Saturn-Umbau (Bild 3)
Anlieferung der Freireppe, die als Erstaz für die Rollentreppen dient.
„Es war eine der ersten Entscheidungen von Saturn, auf den zweiten Eingang zu verzichten, um die Kassen künftig an nur einer Stelle im Untergeschoss zu konzentrieren”, berichtet Architekt Schmidt. Verbunden werden die beiden Etagen künftig mit einem gläsernen Aufzug und einer Freitreppe als Ersatz für die Rolltreppen. Siegfried Brüggemann: „Dadurch wirken die Verkaufsflächen wesentlich offener und übersichtlicher.” Überdies werde mit dem Aufzug die Barrierefreiheit in der Handelsimmobilie deutlich verbessert, weiß GfW-Geschäftsführer Junge, dass die Rolltreppenanlage bei Rollstuhlfahrern und Eltern mit Kinderwagen nicht unbedingt beliebt war.

Erbaut in den 70er Jahren ist mittlerweile auch das Parkhaus in die Jahre gekommen. „Wir denken ja schon seit zehn, 15 Jahren darüber nach, wie wir die Fassade neu gestalten können”, weiß Thomas Junge. Der Denkprozess ist abgeschlosen, im Zuge der Saturn-Umgestaltung wird das City-Parkhaus optisch runderneuert. So werden gegenwärtig die dem Zeitgeist der 70er geschuldeten braunen Trapezbleche entfernt, die bisher das prägende Gestaltungsmerkmal des Gebäudes waren, um durch Glaslamellen ersetzt zu werden.

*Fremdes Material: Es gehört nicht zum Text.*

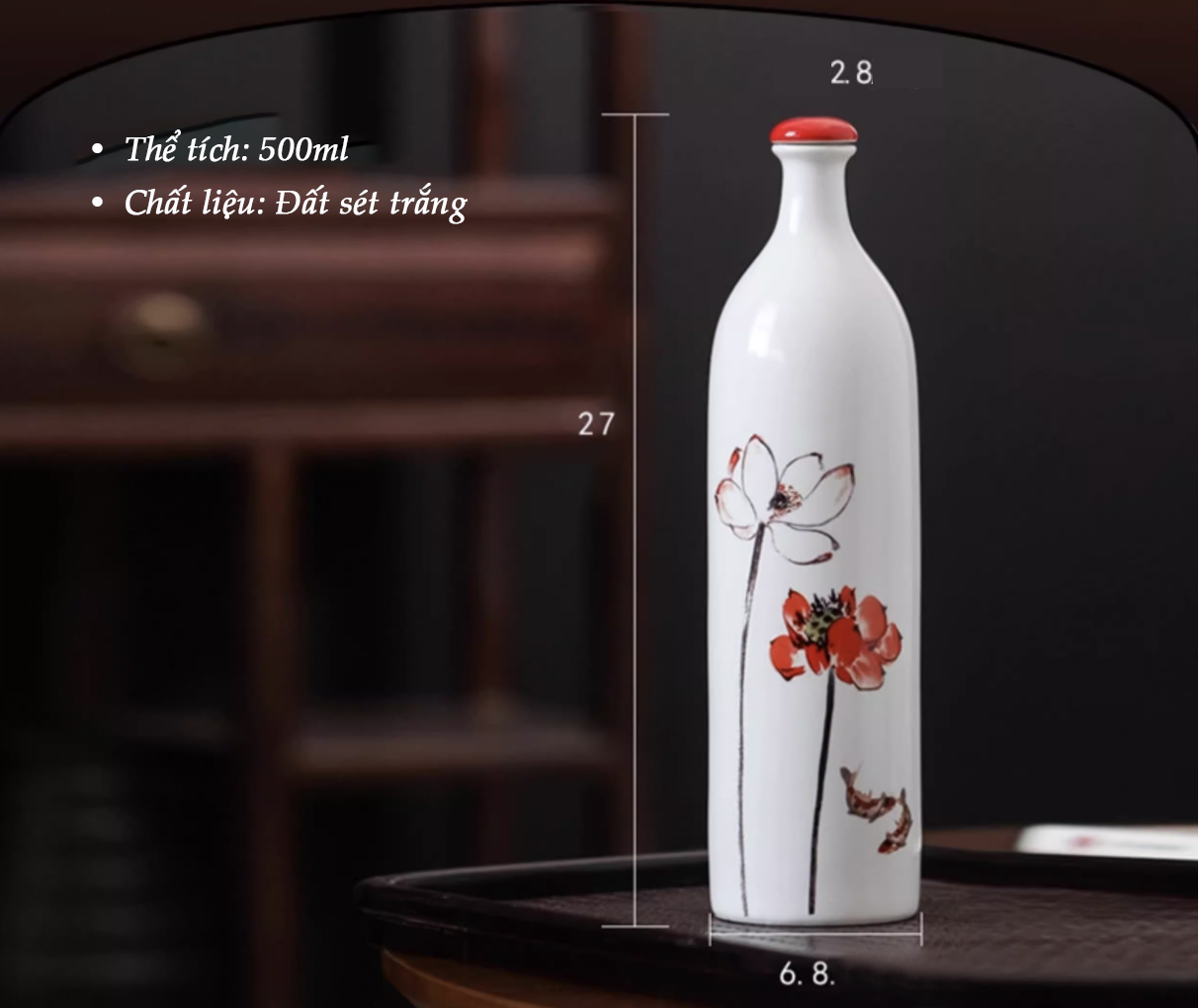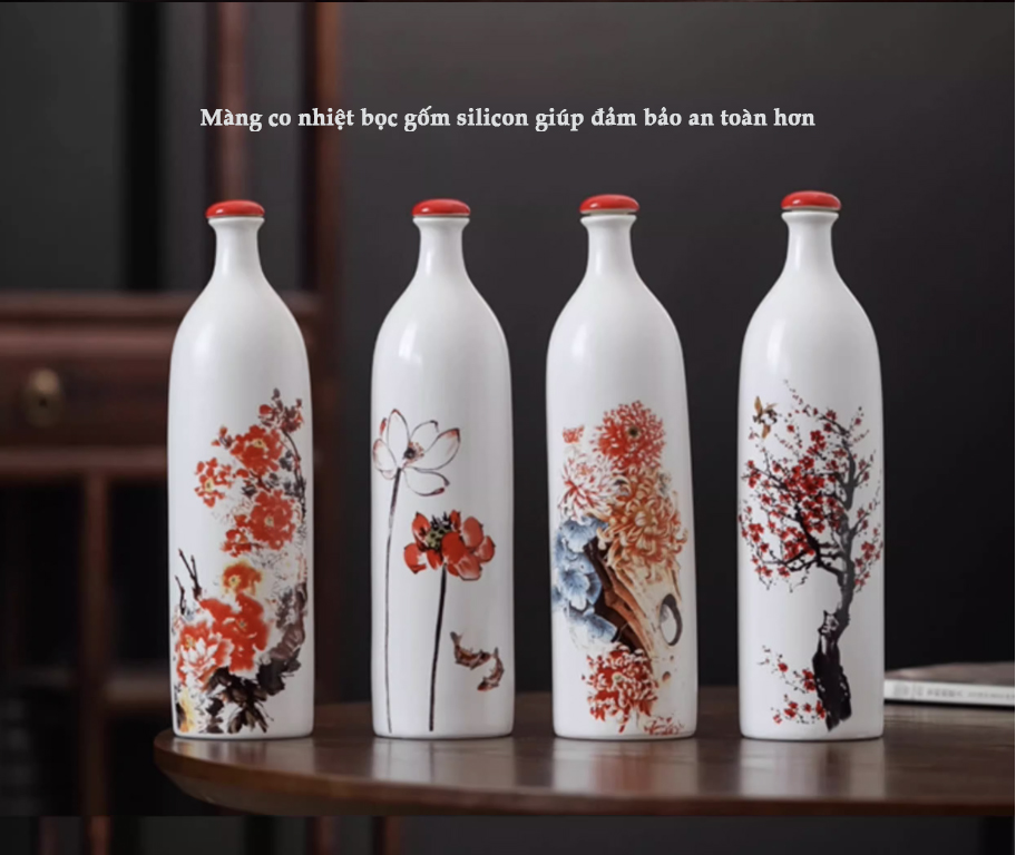 Set bình gốm hoạ tiết hoa mai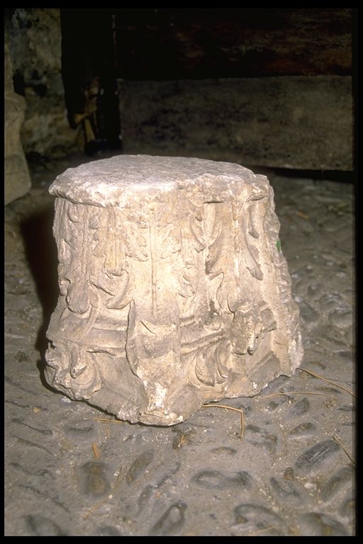 | Deskribapena: | Técnica: Escultura cantera Materia-soporte: Piedra Parte superior de columna tallada en piedra con motivos florales. |

Die Betonbrüstungen werden in einem sehr hellen Farbton gestrichen, an der Fassade wird eine dominierende Werbetafel angebracht. „Insgesamt wirkt das ganze Gebäude künftig nicht mehr so massiv”, freut sich Thomas Junge über den komplett neuen Auftritt der Immobilie, deren Aufwertung einen weiteren wichtigen Mosaikstein der Innenstadt-Sanierung darstelle.